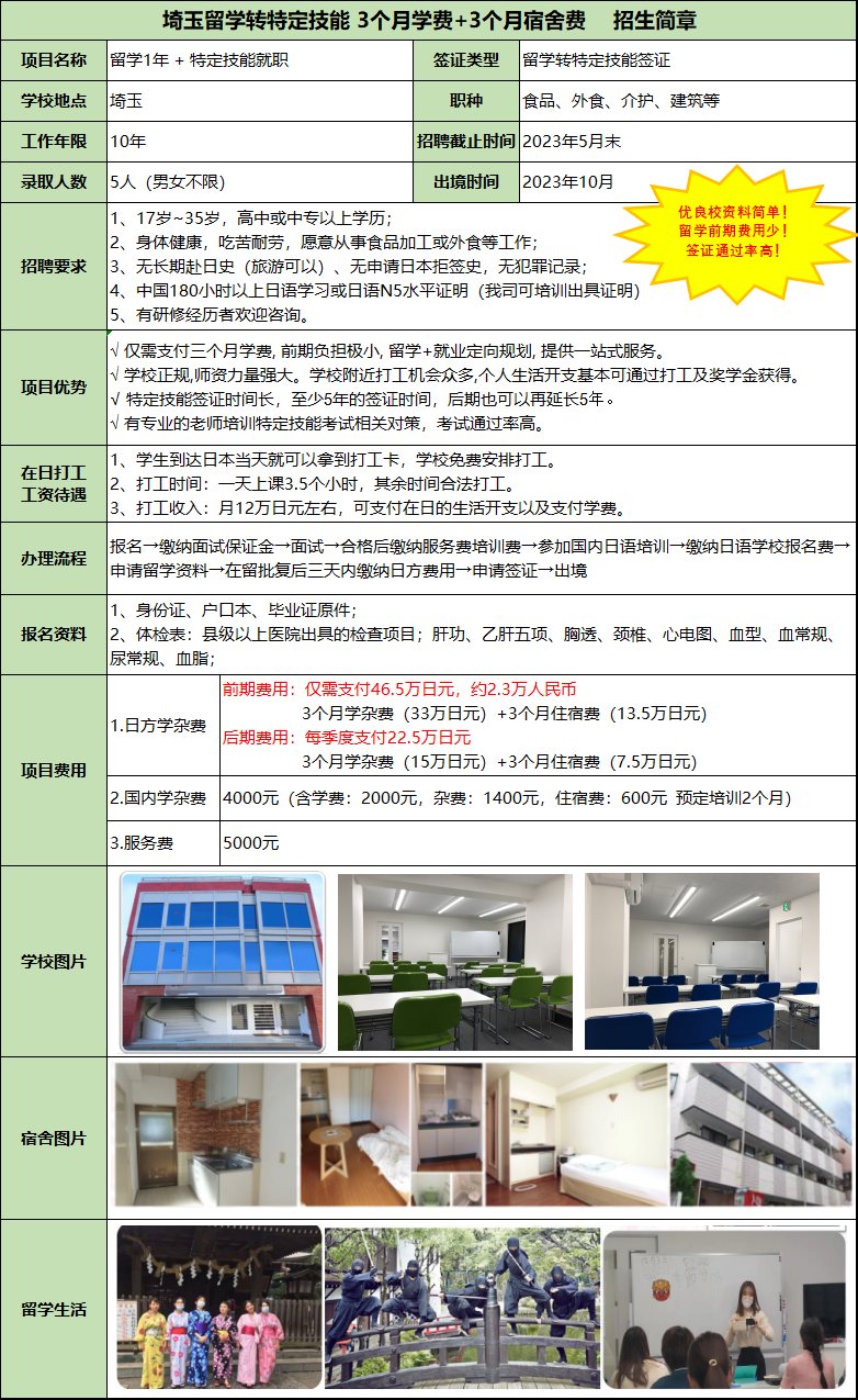 前期負(fù)擔(dān)小,留學(xué)+就業(yè)定向規(guī)劃,將來多種就業(yè)選擇;在校期間會安排日本企業(yè)面試,錄取后就可轉(zhuǎn)特定技能簽證;學(xué)校免費(fèi)安排打工,個人生活開支基本可通過打工及獎學(xué)金獲得
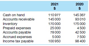 Cash on hand Accounts receivable Inventory Prepaid expenses Accounts payable Accrued expenses Income tax payable 2021 $ 110977 145 000 170 000 25 000 78 000 5000 100 950 2020 $ 145 367 93 010 175 000 4 500 500 500 42 7 98 400
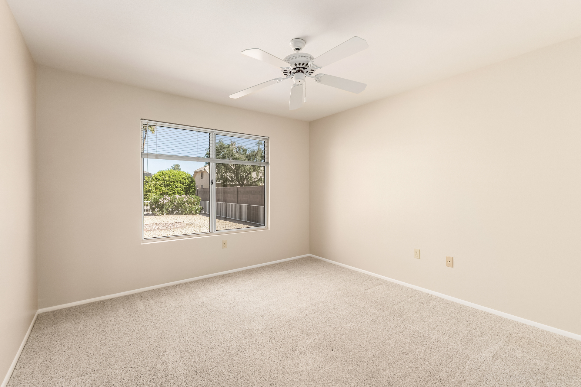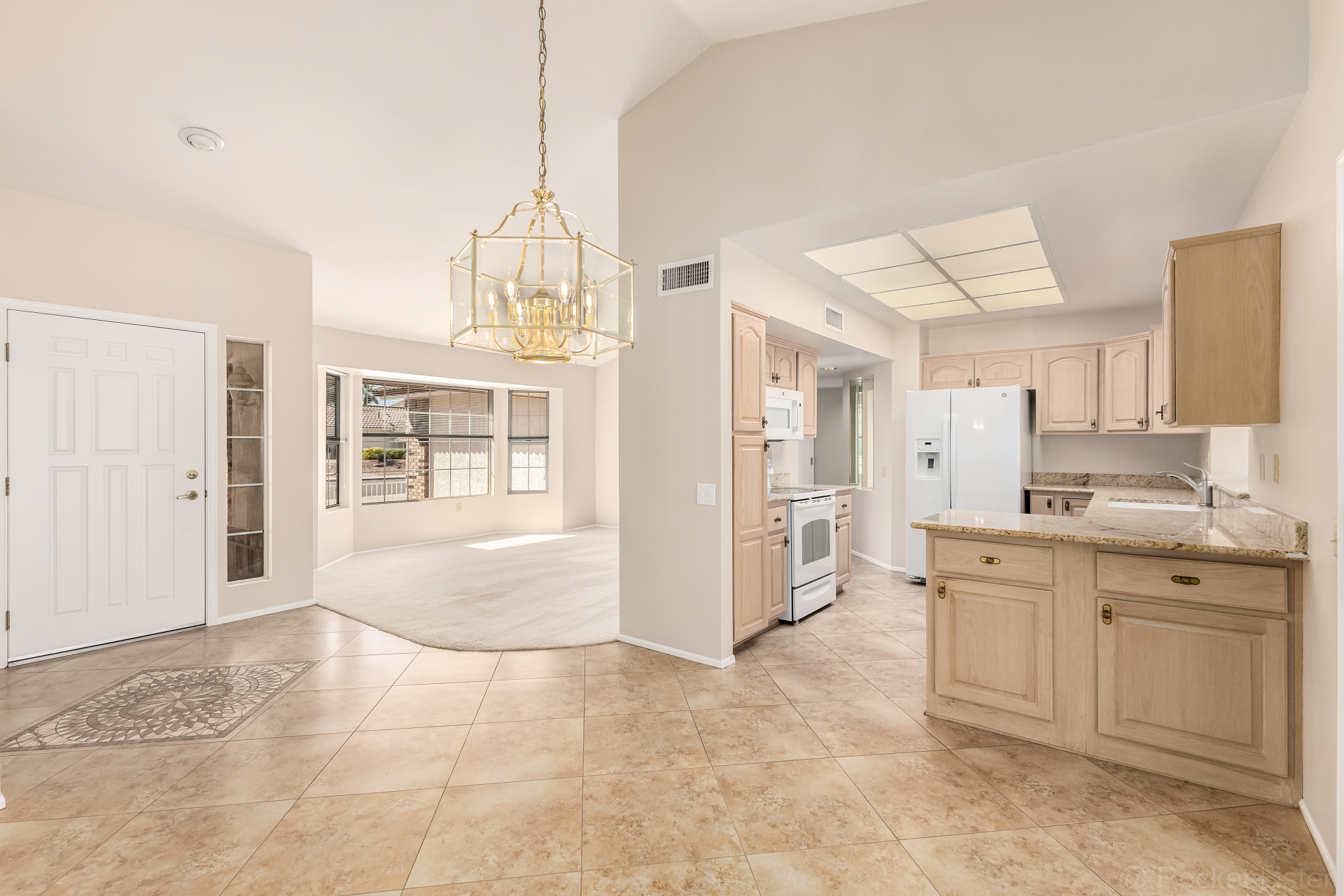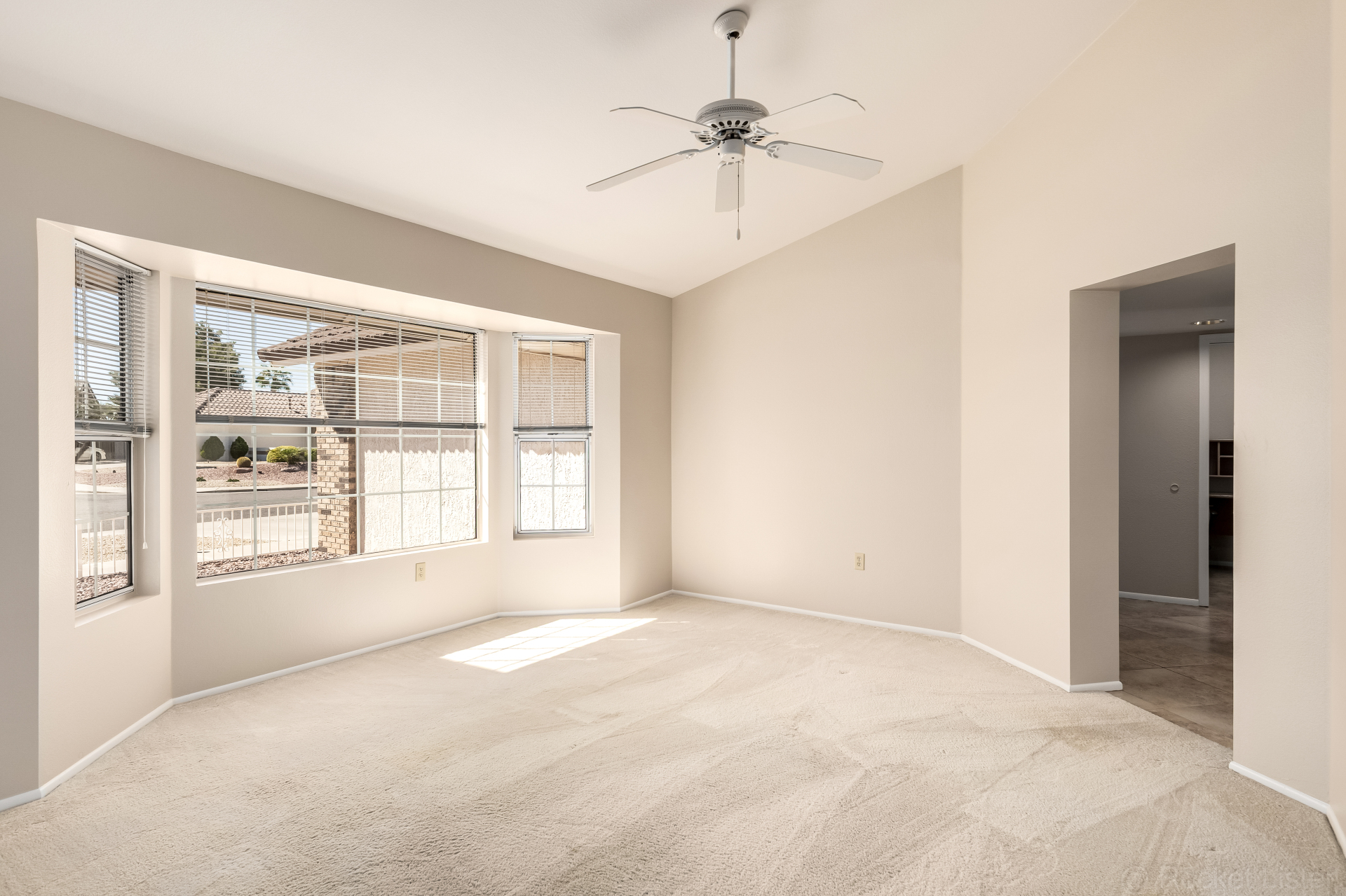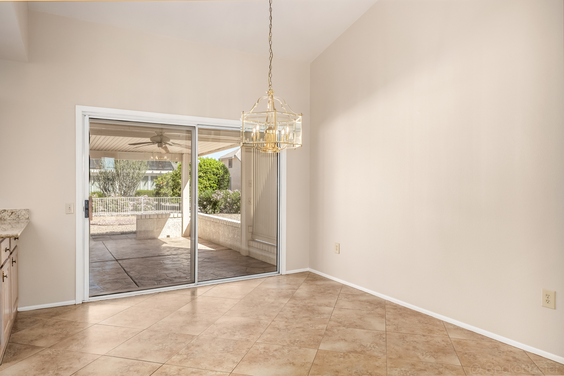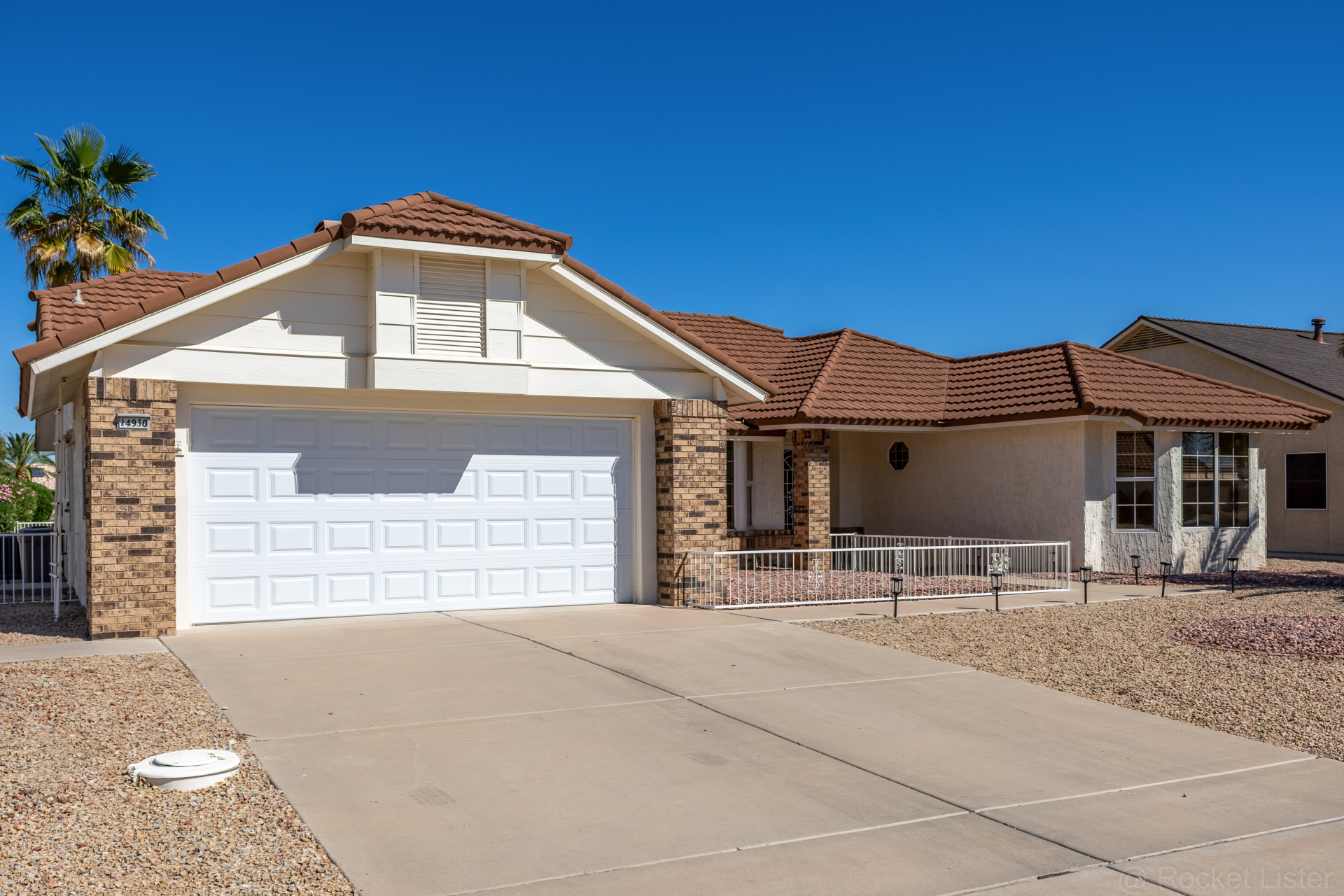 Discover all the charm of this adorable single-story home in the sought-after Sun City West! Inside, you'll find inviting living spaces filled with natural light, displaying soft carpeting, tile in high-traffic areas, vaulted ceilings that make it feel even more spacious, and neutral paint. Whip up feasts and quick bites in the well-appointed kitchen, complete with ample cabinetry, granite countertops, and built-in appliances. Relax in the main retreat, offering a bathroom with dual sinks and a practical walk-in closet. The 2-car garage boasts attached cabinets for added storage and hosts the laundry area for convenience. The backyard includes a covered patio with flagstone flooring, perfect for entertaining, and ample seating space with a serene landscape. Truly a must-see!

------------------------------------------------

* [Your assignment] Please transcribe the whole listing above exactly, with the images left out.

* [Answer box]
 前期負(fù)擔(dān)小,留學(xué)+就業(yè)定向規(guī)劃,將來多種就業(yè)選擇;在校期間會安排日本企業(yè)面試,錄取后就可轉(zhuǎn)特定技能簽證;學(xué)校免費(fèi)安排打工,個人生活開支基本可通過打工及獎學(xué)金獲得
 Cash on hand Accounts receivable Inventory Prepaid expenses Accounts payable Accrued expenses Income tax payable 2021 $ 110977 145 000 170 000 25 000 78 000 5000 100 950 2020 $ 145 367 93 010 175 000 4 500 500 500 42 7 98 400
 Discover all the charm of this adorable single-story home in the sought-after Sun City West! Inside, you'll find inviting living spaces filled with natural light, displaying soft carpeting, tile in high-traffic areas, vaulted ceilings that make it feel even more spacious, and neutral paint. Whip up feasts and quick bites in the well-appointed kitchen, complete with ample cabinetry, granite countertops, and built-in appliances. Relax in the main retreat, offering a bathroom with dual sinks and a practical walk-in closet. The 2-car garage boasts attached cabinets for added storage and hosts the laundry area for convenience. The backyard includes a covered patio with flagstone flooring, perfect for entertaining, and ample seating space with a serene landscape. Truly a must-see!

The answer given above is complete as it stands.